» **Material provided**
....

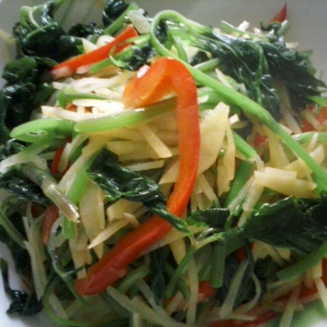 大叶芹土豆丝。大叶芹是当地一种时令山野菜,绿色清爽。
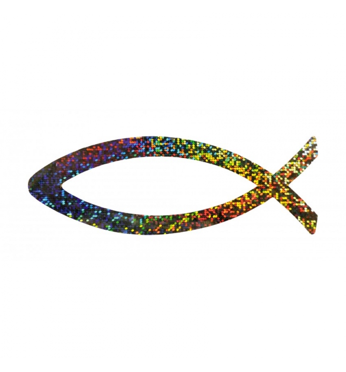 Autocollant Ichtus magnétique "Arc-en-ciel" scintilant. La couleur change dans les couleurs de l'arc-en-ciel en fonction de l'incidence de la lumière. Dimensions : 11 cm
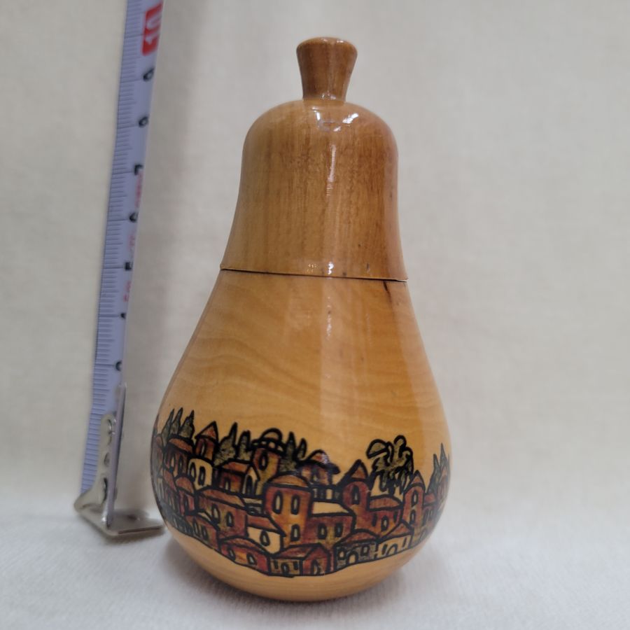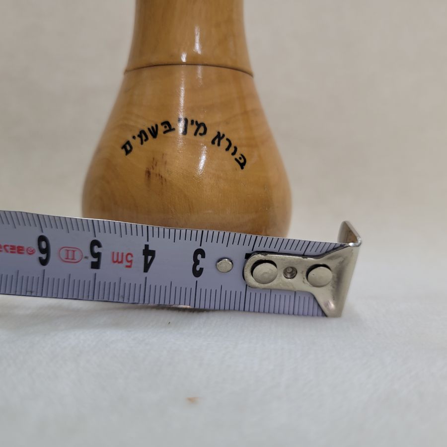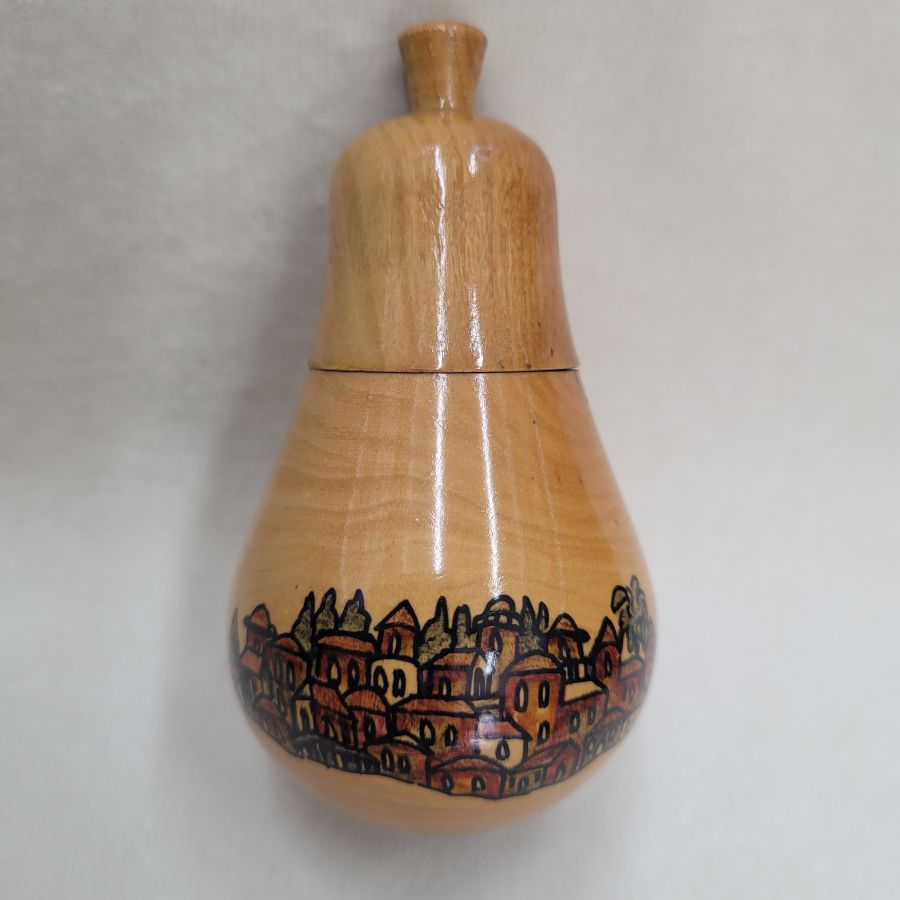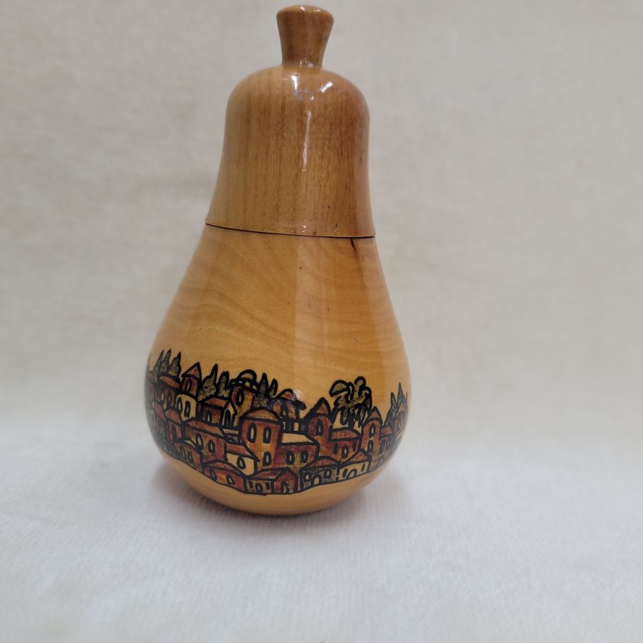 Handmade olive wood spice box pear shape on back written in Hebrew “בורא מיני בשמים”. Havdalah olive wood spice box pear shape with Jerusalem houses hand painting designs around. Dimension diameter 5.5 cm X 10.5 cm approximately.
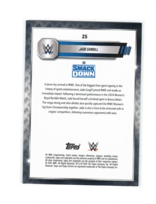 The product is a 2025 Topps Chrome WWE trading card featuring wrestler Jade Cargill. This particular card is a Pink Shimmer Refractor parallel from the base set, with card number 25. Produced by Topps, it is a part of the sports trading card category and specifically falls under the subset of WWE trading cards. Collectors and fans of wrestling and card trading alike may find this limited edition card appealing for its unique design and collectible value. Card will ship in plain white envelope.
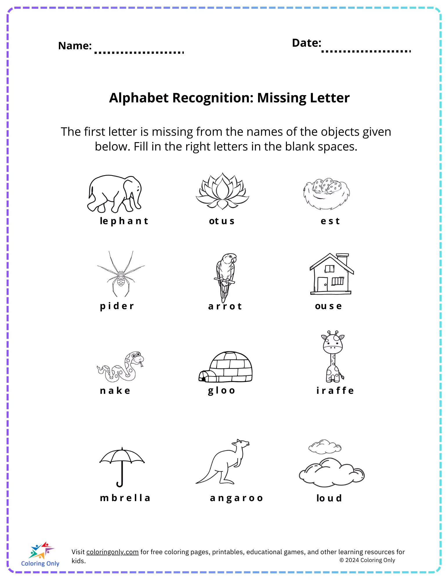 The "Alphabet Recognition: Missing Letter Free Printable Worksheet" is an engaging activity designed to help elementary students strengthen their letter recognition and spelling skills. In this worksheet, the first letter is missing from the names of various objects, and students are asked to fill in the correct missing letters. This "Alphabet Recognition: Missing Letter Free Printable Worksheet" is perfect for building confidence in early readers, improving their vocabulary, and making learning fun through visual aids. It's a great resource for both classroom and at-home practice.
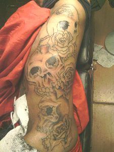 Time is Money done on the back of her shoulder... peep the coins in the hour glass
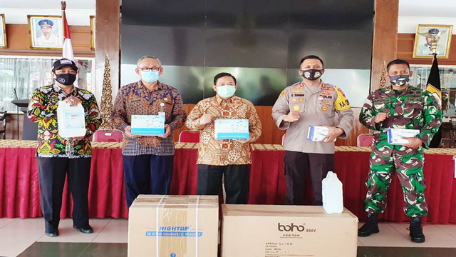 Tampabatas.com(SMSI), Wonogiri – Bertempat di Pendopo Kabupaten Wonogiri telah dilaksanakan penerimaan bantuan alat kesehatan sebanyak 3520, diantaranya 2.000 alat rapid test, 1.000 hazmat dan hand sanitizer, serta 520 alat viral transport medium (VTM), Selasa (25/8).
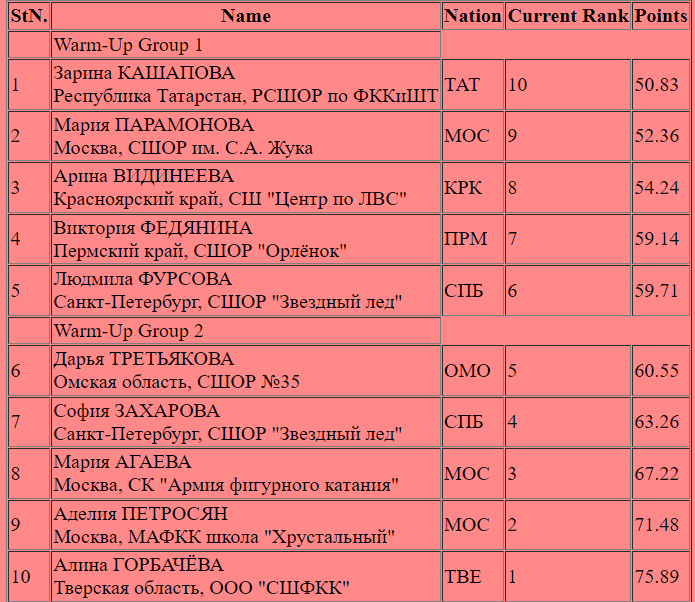 А вот так выглядит список женщин, которые в скором времени выйдут со своими произвольными программами на лед.

....

» **What is needed**
What is needed here is an exact copy of every record, with the pictures left out.

» **Result of this exercise**
 大叶芹土豆丝。大叶芹是当地一种时令山野菜,绿色清爽。
 Autocollant Ichtus magnétique "Arc-en-ciel" scintilant. La couleur change dans les couleurs de l'arc-en-ciel en fonction de l'incidence de la lumière. Dimensions : 11 cm
 Handmade olive wood spice box pear shape on back written in Hebrew “בורא מיני בשמים”. Havdalah olive wood spice box pear shape with Jerusalem houses hand painting designs around. Dimension diameter 5.5 cm X 10.5 cm approximately.
 The product is a 2025 Topps Chrome WWE trading card featuring wrestler Jade Cargill. This particular card is a Pink Shimmer Refractor parallel from the base set, with card number 25. Produced by Topps, it is a part of the sports trading card category and specifically falls under the subset of WWE trading cards. Collectors and fans of wrestling and card trading alike may find this limited edition card appealing for its unique design and collectible value. Card will ship in plain white envelope.
 The "Alphabet Recognition: Missing Letter Free Printable Worksheet" is an engaging activity designed to help elementary students strengthen their letter recognition and spelling skills. In this worksheet, the first letter is missing from the names of various objects, and students are asked to fill in the correct missing letters. This "Alphabet Recognition: Missing Letter Free Printable Worksheet" is perfect for building confidence in early readers, improving their vocabulary, and making learning fun through visual aids. It's a great resource for both classroom and at-home practice.
 Time is Money done on the back of her shoulder... peep the coins in the hour glass
 Tampabatas.com(SMSI), Wonogiri – Bertempat di Pendopo Kabupaten Wonogiri telah dilaksanakan penerimaan bantuan alat kesehatan sebanyak 3520, diantaranya 2.000 alat rapid test, 1.000 hazmat dan hand sanitizer, serta 520 alat viral transport medium (VTM), Selasa (25/8).
 А вот так выглядит список женщин, которые в скором времени выйдут со своими произвольными программами на лед.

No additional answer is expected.